Once the line containing "Sur le site" is found in the entries below, restate it and each following line word for word, stopping after the line containing "Ce mercredi sportif".

Dataset records: Begin

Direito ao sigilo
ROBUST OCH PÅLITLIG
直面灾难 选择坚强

Dataset records: End
Dataset records: Begin

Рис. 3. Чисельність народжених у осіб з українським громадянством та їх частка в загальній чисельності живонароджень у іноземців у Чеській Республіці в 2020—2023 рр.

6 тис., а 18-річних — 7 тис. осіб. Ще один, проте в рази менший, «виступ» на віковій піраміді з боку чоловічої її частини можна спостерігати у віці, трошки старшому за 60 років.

Dataset records: End
Dataset records: Begin

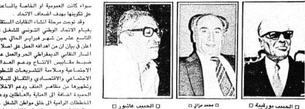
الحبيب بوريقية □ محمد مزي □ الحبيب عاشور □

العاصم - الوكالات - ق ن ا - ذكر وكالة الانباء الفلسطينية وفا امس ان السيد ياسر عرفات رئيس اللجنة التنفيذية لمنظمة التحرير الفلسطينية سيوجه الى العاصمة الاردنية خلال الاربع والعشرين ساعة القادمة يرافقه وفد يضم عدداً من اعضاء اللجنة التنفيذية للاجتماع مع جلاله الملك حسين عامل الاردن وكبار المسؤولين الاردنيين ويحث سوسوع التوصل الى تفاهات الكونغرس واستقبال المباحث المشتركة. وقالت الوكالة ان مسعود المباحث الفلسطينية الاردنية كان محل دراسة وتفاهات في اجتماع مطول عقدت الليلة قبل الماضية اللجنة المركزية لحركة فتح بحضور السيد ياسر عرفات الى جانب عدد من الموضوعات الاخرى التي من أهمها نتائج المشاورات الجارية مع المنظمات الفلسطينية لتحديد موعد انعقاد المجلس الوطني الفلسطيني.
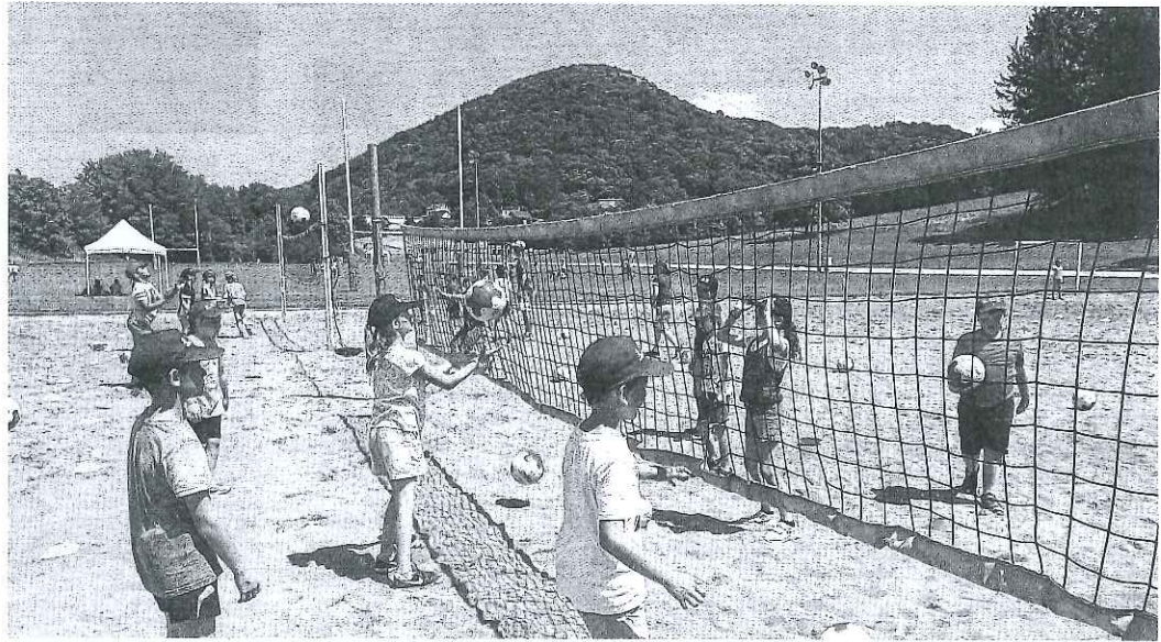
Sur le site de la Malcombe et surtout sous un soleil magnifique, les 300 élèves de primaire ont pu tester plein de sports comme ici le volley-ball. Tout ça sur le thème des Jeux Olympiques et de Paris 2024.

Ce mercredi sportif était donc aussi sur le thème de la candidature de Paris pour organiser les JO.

Dataset records: End

*Result below*.
Sur le site de la Malcombe et surtout sous un soleil magnifique, les 300 élèves de primaire ont pu tester plein de sports comme ici le volley-ball. Tout ça sur le thème des Jeux Olympiques et de Paris 2024.

Ce mercredi sportif était donc aussi sur le thème de la candidature de Paris pour organiser les JO.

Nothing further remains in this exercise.